Exercise brief - Below are the records. Count the lines containing the string "élèves", and reply with the number alone.

Records from a dataset:
------------------------------------
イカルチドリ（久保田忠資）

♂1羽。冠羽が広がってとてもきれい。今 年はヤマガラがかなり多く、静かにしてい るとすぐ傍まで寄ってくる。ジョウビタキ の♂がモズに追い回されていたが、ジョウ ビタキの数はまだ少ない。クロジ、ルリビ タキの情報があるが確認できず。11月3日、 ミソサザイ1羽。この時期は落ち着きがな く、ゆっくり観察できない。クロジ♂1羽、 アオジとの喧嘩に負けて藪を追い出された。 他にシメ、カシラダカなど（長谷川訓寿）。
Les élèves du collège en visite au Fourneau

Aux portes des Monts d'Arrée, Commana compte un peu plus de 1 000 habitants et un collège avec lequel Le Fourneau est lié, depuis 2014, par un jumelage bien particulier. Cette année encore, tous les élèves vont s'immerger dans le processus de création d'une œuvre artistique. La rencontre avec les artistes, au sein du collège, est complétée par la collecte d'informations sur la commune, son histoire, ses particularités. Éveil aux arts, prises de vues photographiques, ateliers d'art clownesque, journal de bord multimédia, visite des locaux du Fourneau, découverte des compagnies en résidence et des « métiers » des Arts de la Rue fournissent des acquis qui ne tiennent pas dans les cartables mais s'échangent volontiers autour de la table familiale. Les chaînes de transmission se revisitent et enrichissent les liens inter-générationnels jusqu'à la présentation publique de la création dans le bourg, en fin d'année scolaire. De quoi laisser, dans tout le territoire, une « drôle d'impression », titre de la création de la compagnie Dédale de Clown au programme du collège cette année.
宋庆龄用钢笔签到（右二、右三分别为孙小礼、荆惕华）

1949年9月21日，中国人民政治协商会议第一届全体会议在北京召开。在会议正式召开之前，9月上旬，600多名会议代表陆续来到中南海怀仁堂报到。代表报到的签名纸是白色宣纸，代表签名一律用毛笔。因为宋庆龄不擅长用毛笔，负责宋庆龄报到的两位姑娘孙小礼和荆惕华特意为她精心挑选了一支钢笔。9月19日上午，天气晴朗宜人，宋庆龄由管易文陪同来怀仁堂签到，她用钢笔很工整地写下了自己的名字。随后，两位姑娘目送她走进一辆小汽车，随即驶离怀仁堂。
------------------------------------
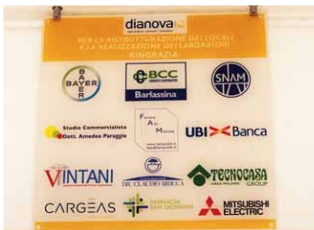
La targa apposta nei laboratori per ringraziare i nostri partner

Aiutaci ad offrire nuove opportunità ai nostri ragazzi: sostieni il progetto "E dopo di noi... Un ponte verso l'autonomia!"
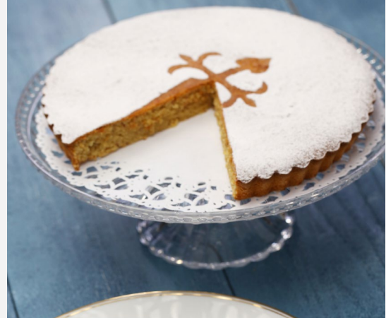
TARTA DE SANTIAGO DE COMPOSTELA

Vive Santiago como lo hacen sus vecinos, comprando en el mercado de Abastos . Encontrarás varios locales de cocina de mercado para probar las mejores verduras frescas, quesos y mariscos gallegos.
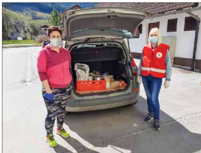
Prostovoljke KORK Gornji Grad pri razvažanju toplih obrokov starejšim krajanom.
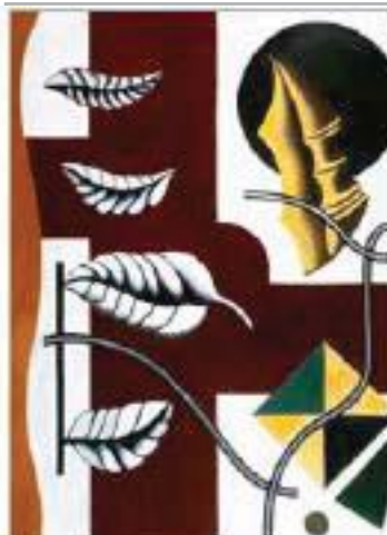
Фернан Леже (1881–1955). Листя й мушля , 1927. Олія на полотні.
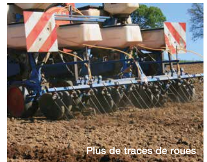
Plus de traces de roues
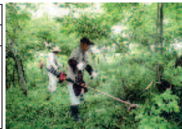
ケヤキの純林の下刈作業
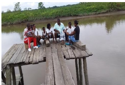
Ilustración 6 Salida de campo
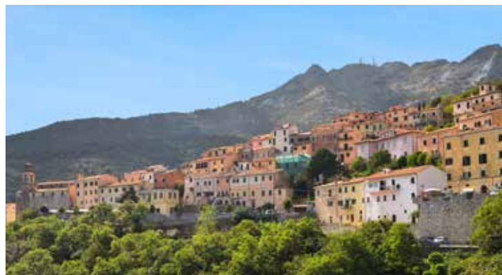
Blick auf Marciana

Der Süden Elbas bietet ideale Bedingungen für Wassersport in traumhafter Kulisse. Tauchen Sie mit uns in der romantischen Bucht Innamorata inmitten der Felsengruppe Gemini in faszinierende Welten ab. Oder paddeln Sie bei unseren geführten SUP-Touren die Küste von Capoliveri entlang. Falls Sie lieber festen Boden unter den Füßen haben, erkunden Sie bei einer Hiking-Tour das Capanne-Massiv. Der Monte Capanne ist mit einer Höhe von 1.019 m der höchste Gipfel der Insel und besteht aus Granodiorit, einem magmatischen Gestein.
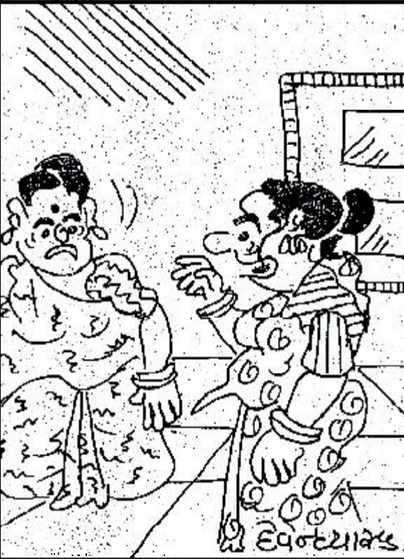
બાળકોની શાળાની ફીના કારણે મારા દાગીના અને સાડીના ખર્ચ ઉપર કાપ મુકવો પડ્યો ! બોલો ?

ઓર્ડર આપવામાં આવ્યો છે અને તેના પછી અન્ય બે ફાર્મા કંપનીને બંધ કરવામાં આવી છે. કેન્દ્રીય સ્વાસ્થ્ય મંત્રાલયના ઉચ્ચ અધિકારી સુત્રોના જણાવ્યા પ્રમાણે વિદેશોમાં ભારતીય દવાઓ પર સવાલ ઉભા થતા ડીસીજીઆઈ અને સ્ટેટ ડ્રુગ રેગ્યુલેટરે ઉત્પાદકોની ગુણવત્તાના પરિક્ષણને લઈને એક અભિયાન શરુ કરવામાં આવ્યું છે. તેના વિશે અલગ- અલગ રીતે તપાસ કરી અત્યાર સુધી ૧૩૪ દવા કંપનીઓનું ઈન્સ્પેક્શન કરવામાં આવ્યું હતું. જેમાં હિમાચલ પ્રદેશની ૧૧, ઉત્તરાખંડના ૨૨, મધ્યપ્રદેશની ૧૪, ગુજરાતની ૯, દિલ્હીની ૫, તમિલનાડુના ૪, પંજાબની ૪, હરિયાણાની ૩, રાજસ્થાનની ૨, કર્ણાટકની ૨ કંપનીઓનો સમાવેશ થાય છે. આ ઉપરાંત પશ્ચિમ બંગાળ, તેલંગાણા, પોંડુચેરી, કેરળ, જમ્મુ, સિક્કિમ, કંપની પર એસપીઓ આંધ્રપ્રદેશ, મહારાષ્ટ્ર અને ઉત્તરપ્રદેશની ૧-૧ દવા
------------------------------------
Task response - 2